Ce n’est pas une solution non plus. Mais si cela nous fait gagner un peu de temps pour agir d’une façon plus saine, ce sera ça de pris.

Car, j’y reviens, nous avons beau crier, nous sommes bien en peine de braquer nos fusils. Il semble même que nous criions d’autant plus fort que nous ne savons, en réalité, pas quoi faire. Perquisitionner ? Où ? Des milliers de caves et d’appartements ? Enfermer préventivement les radicalisés potentiels ? Pourquoi ? De quel droit ? Sur quels critères ? Un million de personnes en camp, à tout hasard ?

On en arrive à proposer la peine de mort pour les kamikazes, l’expulsion vers leur pays pour des Français ou la déchéance de la nationalité française pour des ressortissants étrangers. Jusqu’à l’absurde, le constat qu’on arrive trop tard, qu’on a le choix entre arriver après la bataille et amputer avant que la gangrène se déclare. Avec une nette préférence pour la seconde option.

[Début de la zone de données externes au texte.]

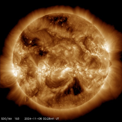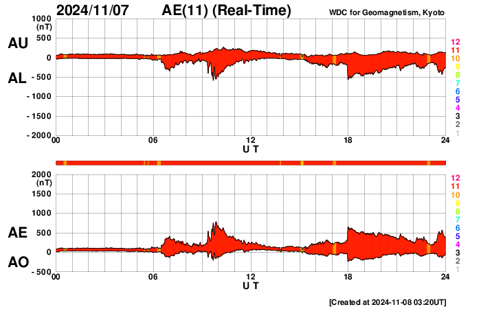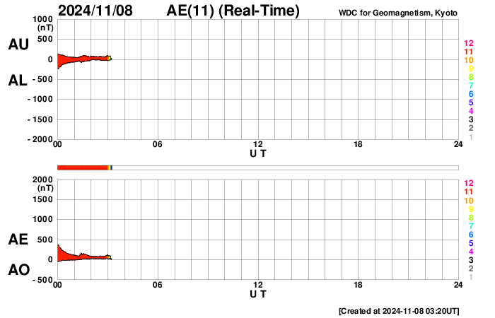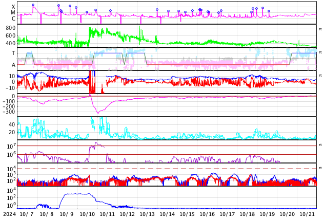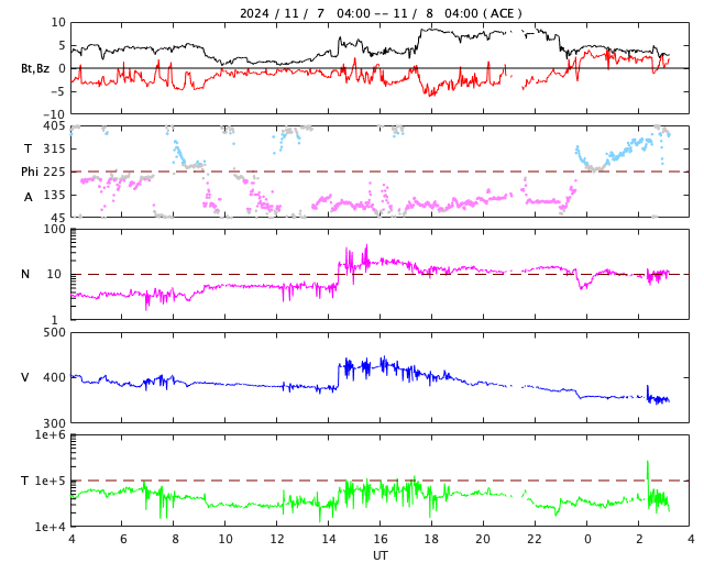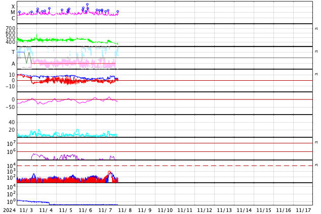 2024/11/ 8 12:28 更新 太陽風は低速になっています。Mフレアが頻繁に発生しています。 担当 篠原 太陽風は、昨夜遅く、7日23時半(世界時7日14時半)頃に、 小規模の乱れが到来して、 速度が380km/秒から420km/秒へ、小幅ですが急に高まっています。 磁場強度は、少し遅れて8nTへ少し強まる変化が発生しています。 4日のニュースでお知らせした、 M1.5、M3.8の中規模フレアの時のCME(コロナ質量放出)の乱れが、 地球にもやって来た様です。 変化は小さく、速度はすぐに下がって、 現在は350km/秒と低速になっています。 磁場強度も、3nTとやや弱くなっています。 磁場の南北成分は、 この乱れまでは南寄りで推移しています。 磁気圏の活動もある程度強まって、 AE指数は、500〜700nTの中規模の変化が発生しました。 グラフの最後で磁場は北寄りに傾向が変わり、 現在の磁気圏は穏やかになっています。 SDO衛星AIA193では、南北のコロナホールが西側に進んでいます。 これらの影響で、太陽風の速度が高まる可能性があります。 今後の変化に注目して下さい。 太陽は、中心部の3883黒点群と、 南東の端近く(左下)の3889群の活動が目立ち、 M1〜2の中規模フレアが何度も発生しています。 今後、規模が大きくなるかどうか注目して下さい。

Et quand, en guise de changement de monde, nous nous serons mués en dictature pour éviter d’y sombrer, nous aurons l’air fin.

L’EI adopte – ou se résigne – à une stratégie consistant à jeter sur des innocents tout ce qui peut se recruter dans nos rues, dans nos villes, comme paumés, comme cinglés déshumanisés, et leur offre une sanglante cause. Pour peu qu’il parvienne à poser en étendard des pauvres sans espoir et des réprouvés, nous sommes mal. Aucune « fermeté » n’étoufferait la vague. Ça n’a jamais marché. Jamais.

Peut-être est-ce surtout cela qu’il faut éviter, contre cela qu’il faut allumer, dès aujourd’hui, des contrefeux. Que faire pour couper ce vivier des recruteurs du crime de masse ? Qu’avons-nous fait, qui marche, ou qui n’a pas marché ? Quelle espérance notre monde propose-t-il ? Pourquoi un jour, tel désespéré fait-il le choix du meurtre – et beaucoup d’autres, Dieu merci, jamais ? Autant de questions à résoudre, sans quoi la lutte antiterroriste risque de consister à endiguer la pluie avec des gobelets en plastique.

Et pendant ce temps, l’on repousse aux calendes grecques l’avènement du seul monde nouveau qui nous sauvera vraiment, qui sauvera nos « valeurs » mais surtout notre existence même. Nous oublions qu’il est un ennemi pire que Daech, qui tue à coups de cancers et de typhons, à coups de sols ravinés et d’abeilles mortes, à coups d’espèces disparues et d’eaux polluées. Aucun monde nouveau n’est viable s’il ne relève en priorité CES défis. D’autant plus que l’extension des déserts, la perte de terres agricoles viables, et les diverses autres calamités écologiques qui frappent dès à présent les pays du Sud ne cessent de jeter sur les routes toujours plus de désespérés, parmi lesquelles toujours plus de recrues potentielles pour l’EI, les shebab et autres sinistres drapeaux noirs.

Un monde meurt, de tous les côtés à la fois, et bien rares sont les signes que la vie refleurira ensuite. Il faut avant tout les semer, les faire germer, les soigner.